In recent years, acute traumatic spinal cord injury (TSCI) has become a major global health concern, and TSCI is now considered the second leading cause after traumatic brain injury in terms of morbidity and disability [1]. Such injuries not only result in health loss and disability for individuals and their families, but also place a heavy burden on the healthcare system and the economy due to lost productivity and high medical costs [2, 3]. A global study has shown that incidence of traumatic spinal cord injuries is increasing every year, with more than 27 million people worldwide now expected to be affected by spinal cord injuries, mainly due to falls and road injuries [4]. The American Spinal Injury Association Impairment Scale (AIS) grade is used to assess the severity of TSCI and is the most common prognostic determinant of TSCI [5, 6]. However, despite an AIS classification of severe, some cases have a good prognosis.

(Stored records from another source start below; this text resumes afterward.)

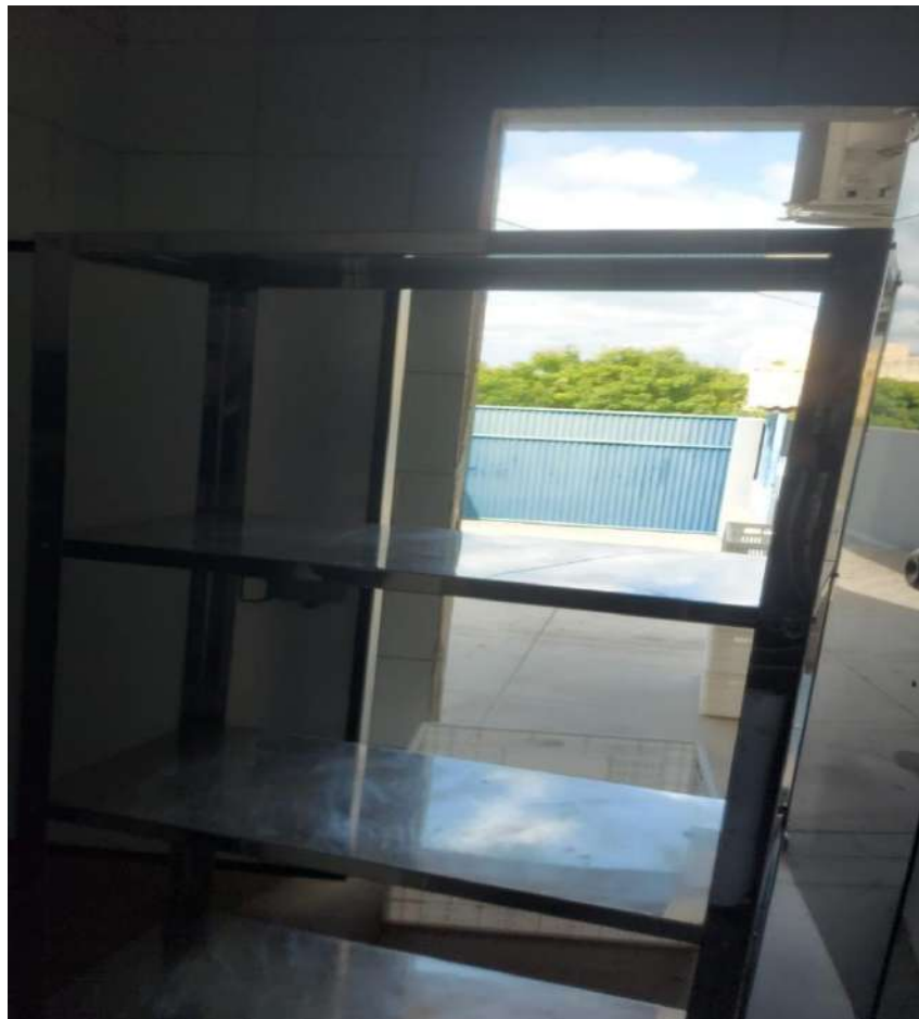
ESTANTE MADEIRA OU METALICA ESTANTE EM ACO, LISA, 4 PLANOSUSI14. Tombo - 132822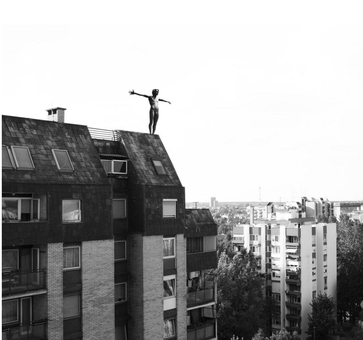
Windfucker, fotomontaža skulpture u naselju Sjenjak, Osijek, 2009. patinirani poliester, 215x215x39 cm

Na javni prostor – mjesto, gledam kao na semantičko polje koje zatvara krug značenja zajedno sa umjetničkim djelom u njemu. Što više skulptura zahvaća djelove semantičkog polja u kojem djeluje, toliko je i sama njima zahvaćena jer umjetnost ne lebdi iznad, poput neke magle, nego je vezana za materiju u njenoj strukturi. Skulptura treba nadopunu semantičkog polja, tako postaje dio sveobuhvatnije cjeline povijesti i značenja mjesta. Autonomija skulpture je nestala. Ona je samo polovina izraza. Ponovo se uključuje u život posredstvom medija mjesta. Skulptura je zapravo fizička stvar kao i sve druge stvari u prostoru i vremenu, s njima je u kontaktu i samim tim se otvara njihovim utjecajima te se odriče sebe i vlastite autonomije. Istovremeno je otvorena utjecajima ali i zatvorena, odnosno čuva zatvorenost vlastitog sustava. Semantičko polje skulpture je njen medij ali i ona je medij mjesta.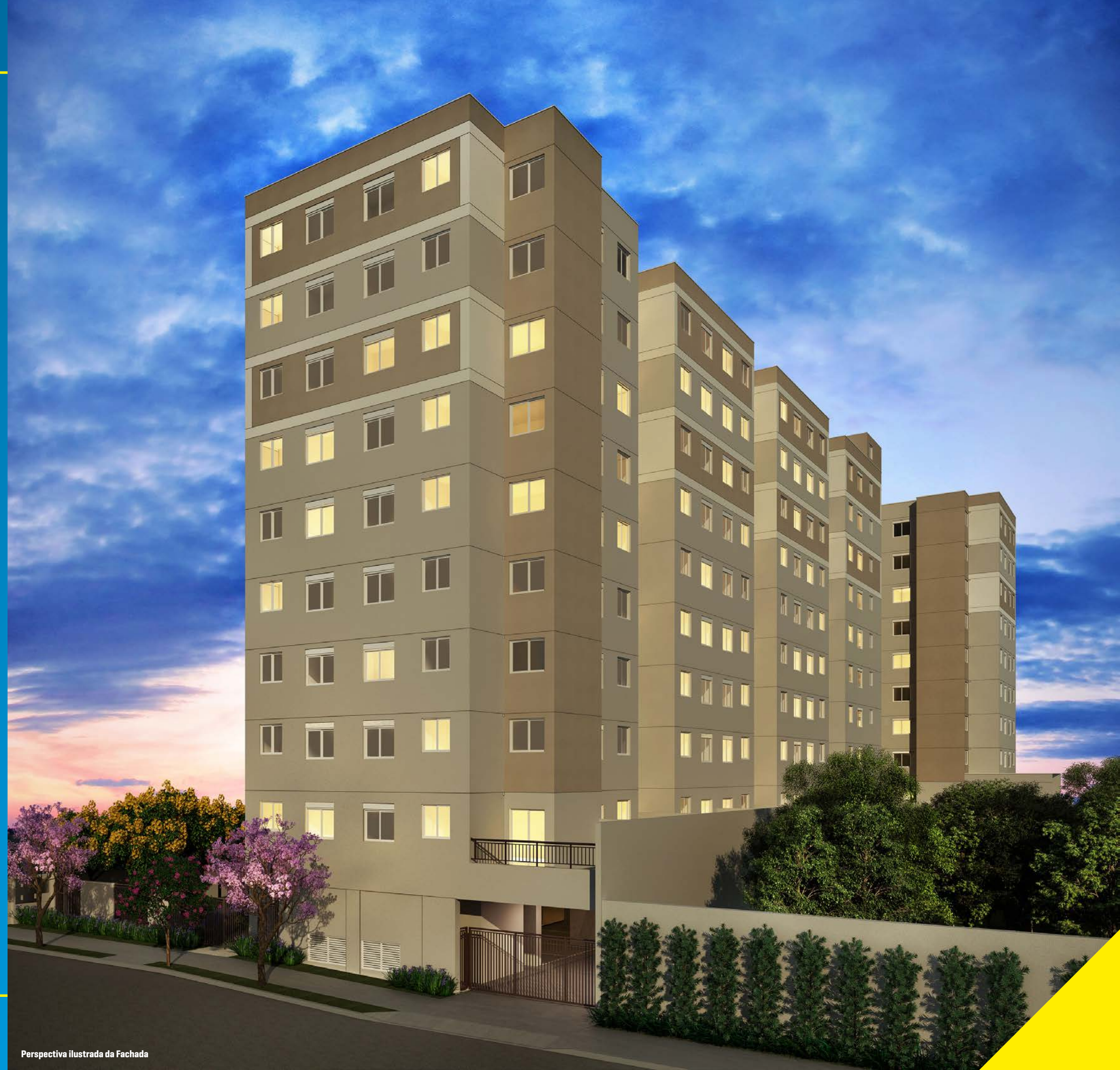
Perspectiva ilustrada da Fachada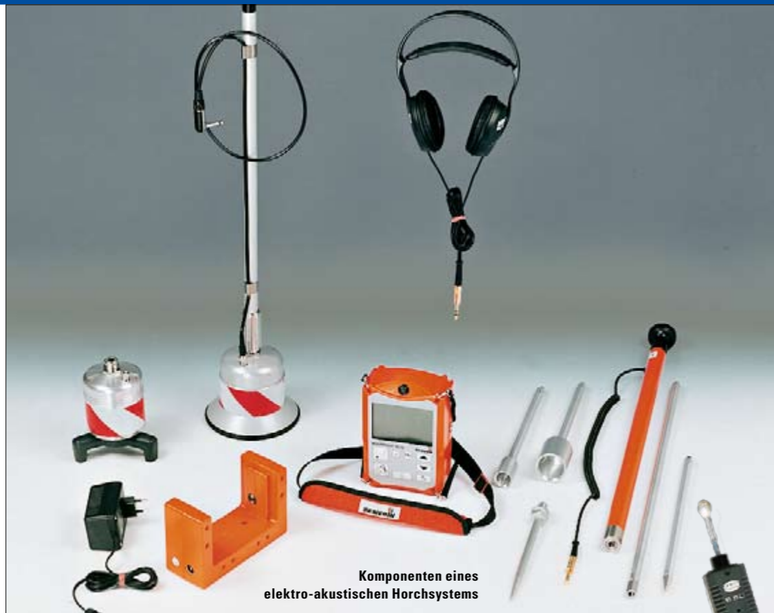
Komponenten eines elektro-akustischen Horchsystems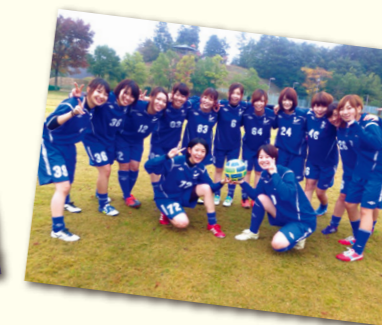
女子フットサル部は蹴球部より独立し活動しています。

走り隊、サッカー部、バスケット部、バレー部、バドミントン部、硬式テニス部、吹奏楽部、茶道・華道部、軽音部、ダンス部、ピアカウンセリング、ハーモニーサークル、ボランティア部など、数多くの体育系、文化系サークルがあり、多くの看護学科の学生が活躍しています。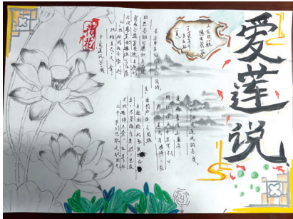
N 实验中学教育集团804班 陶子馨 指导老师 徐丹琴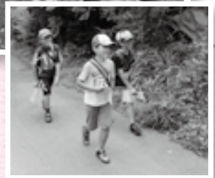
会話と笑顔は絶えることなく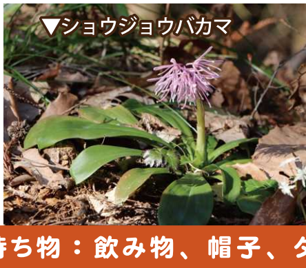
▼ショウジョウバカマ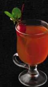
"Гендольф" з бренді, 250 мл 120.-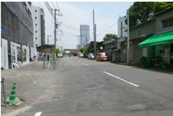
5. 5分程まっすぐ進むと、突き当たり右側の線路渡ります。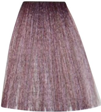
BIONDO CHIARISSIMO CENERE IRISÉ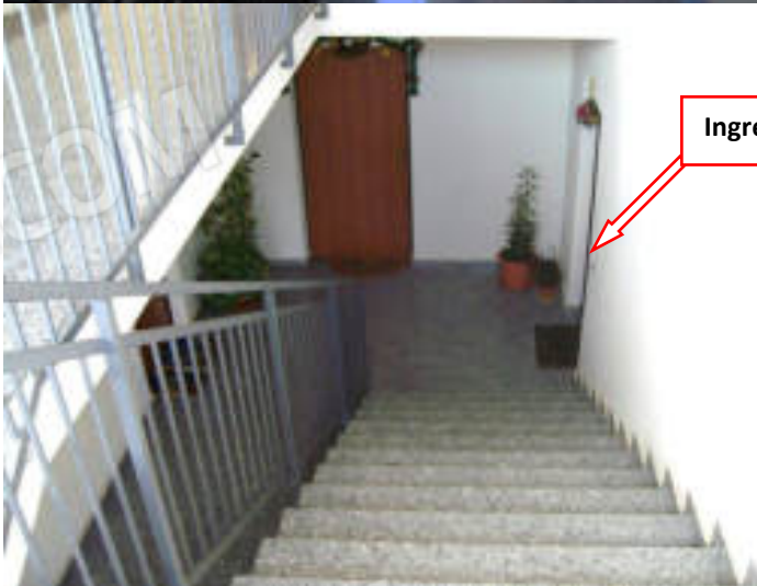
Foto n°5 - 6: Vano scala (Piano 2°) del corpo di fabbrica in catasto urbano del Comune di Mendicino (CS), fg. n°8, p.lla 917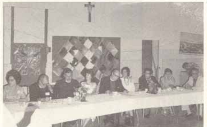
Mesa presidencial del tradicional banquete de Convocación. Grupo parcial del banquete.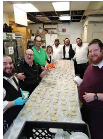
ביים העלפן דעם "ייד אפרים" חסד ארגאנאזאציע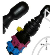
Przełącznik Joystick OFF + 4x NO chwilowy

Opis: Przełącznik joystick, pozycja spoczynkowa + 4- pozycje, chwilowe styki NO, Pozycje 4x NO + OFF, manipulator. Całkowita długość z zestykami 13,67cm ( CM707DJ41 prod. Emas ). Dźwignia manipulatora krótka.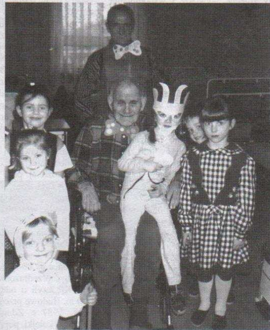
Szczęśliwi „Dziadkowie” z „wnuczkami”.

W Dniu Babci i Dziadka w DPS-ie było bardzo wesoło, a w oczach sędziwych i schorowanych ludzi pojawiły się nawet łzy radości, również dzięki uczniom Szkoły Podstawowej Nr 2 i gimnazjalistom.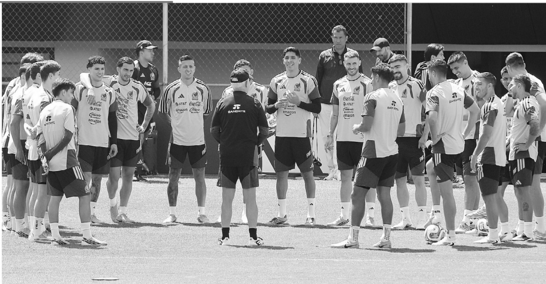
■ El grupo luce muy animado y con la confianza al tope tras asegurar su pase de ronda.

■ El partido del jueves 18 de junio, en el Estadio Guadalajara, entre México y Corea del Sur fue el encuentro más visto en lo que va del Siglo XXI con 25.5 millones de espectadores a nivel mundial, según datos de la FIFA.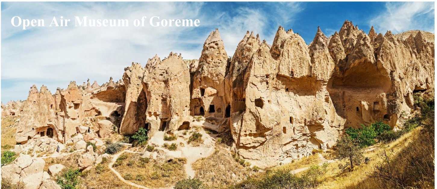
Open Air Museum of Goreme

นำท่านเดินทางสู่ พิพิธภัณฑสถานกลางแจ้ง เกอราเม่ (Open Air Museum of Goreme) ซึ่งองค์การยูเนสโก ได้ขึ้นทะเบียนพิพิธภัณฑสถานกลางแจ้งแห่งนี้ ให้เป็นมรดกโลก ซึ่งเป็นศูนย์กลางของศาสนาคริสต์ในช่วง ค.ศ. 9 ซึ่งเป็นความคิดของชาวคริสต์ที่ต้องการเผยแพร่ศาสนาโดยการขุดถ้ำเป็นจำนวนมากเพื่อสร้างโบสถ์ และยังเป็นการป้องกันการรุกรานของชนเผ่าลัทธิอื่นที่ไม่เห็นด้วยกับศาสนาคริสต์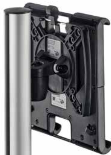
Rückansicht von NOVUS MY one + NOVUS MY tab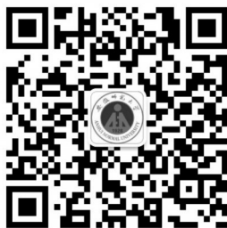
安徽师范大学官方微信二维码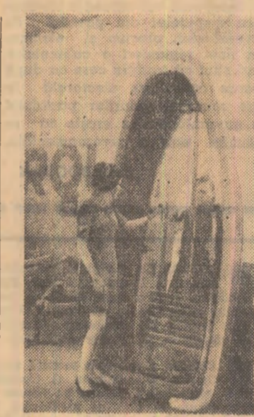
La Salonul internațional al ambarcațiunilor pentru distracții de la Paris a fost prezentată și această barcă pliantă cu fundul din plexiglas, care permite pasagerilor să vadă ce se întîmplă sub apă

Cu oțșiva ani în urmă hidrologii au stabilit că rechinii din regiunea Gronlandei care au ochi foarte strălucitori, îi folosesc ca un fel de faruri pentru a-și ademeni pradă — pești curioși pe care îi fascinează. Această constatare a fost valorificată de pescarii japonezi, care au atașat la plasele lor ghirlandă de becuri sau inele acoperite cu un strat luminescent. Rezultatul a fost extraordinar, mai ales când pentru atragerea peștilor s-au folosit brillante minuscule.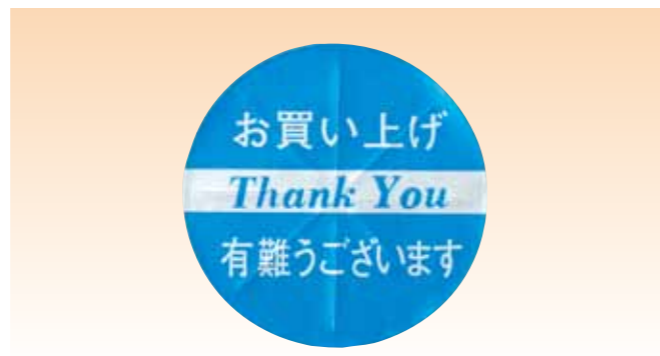
◎ラベルタグの上に重ねて貼り付けることによって、タグの効力を無効にします。 ◎商品をお買い上げいただいたことを示す目印にもなります。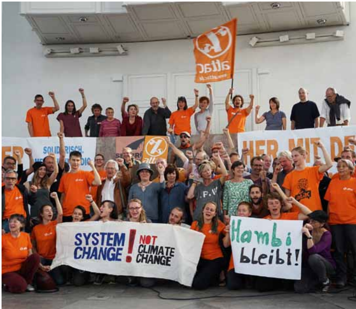
Besetzung der Frankfurter Paulskirche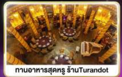
กานอาหารสุดหรู ร้านTurandot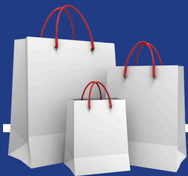
Online bestelling plaatsen

Alsof je er een paar extra handen bij hebt gekregen!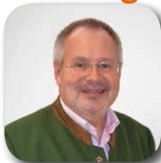
Bürgermeister Franz Kieslinger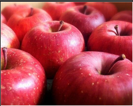
新りんご 長野 他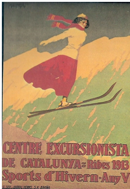
1913, a Ribes, 5è any ja de Concursos

d'aquell aire de festa major que els havia caracteritzat. Però la progressió de la pràctica de l'esquí és geomètrica en aquests moments. Malgrat les rudimentàries tècniques que s'empren, la gosadia i capacitat aviat s'assemblen a la temeritat.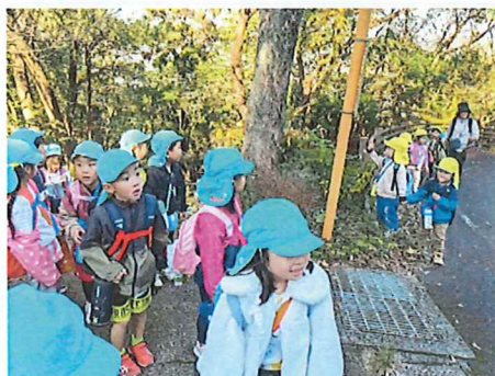
ひまわりさんと合流♡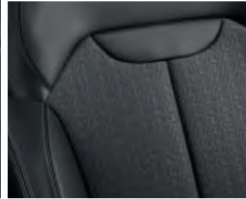
Sellerie mixte similicuir / tissu Noir Titane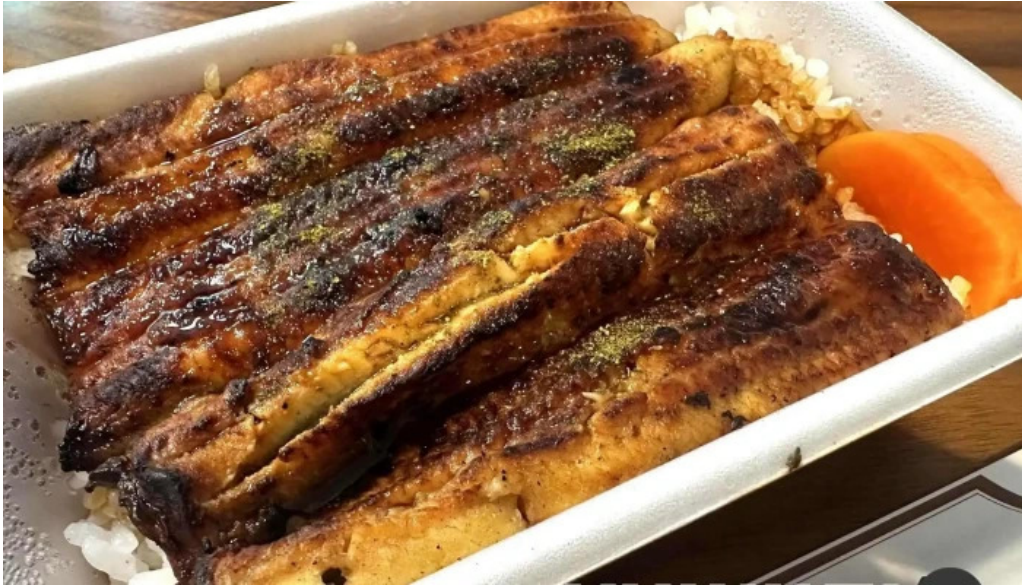
八つ目や にしむら 目黒店 ウナギ

Therefore, when formulating treatment policies, it is necessary to use clinical biomarkers to predict prognosis. Our previous study showed that circulating inflammatory biomarkers (e.g., white blood cell (WBC) count and neutrophil/lymphocyte ratio) are associated with injury severity and can predict the prognosis of TSCI [7]. According to reports, inflammation biomarkers in cerebrospinal fluid (CSF) and blood (e.g., interleukin (IL)-6, IL-8, and monocyte chemotactic protein (MCP)-1), as well as structural protein biomarkers (e.g., tau, S100B, and glial fibrillary acidic protein), are useful prognostic factors; however, their detection is time-consuming and costly [8].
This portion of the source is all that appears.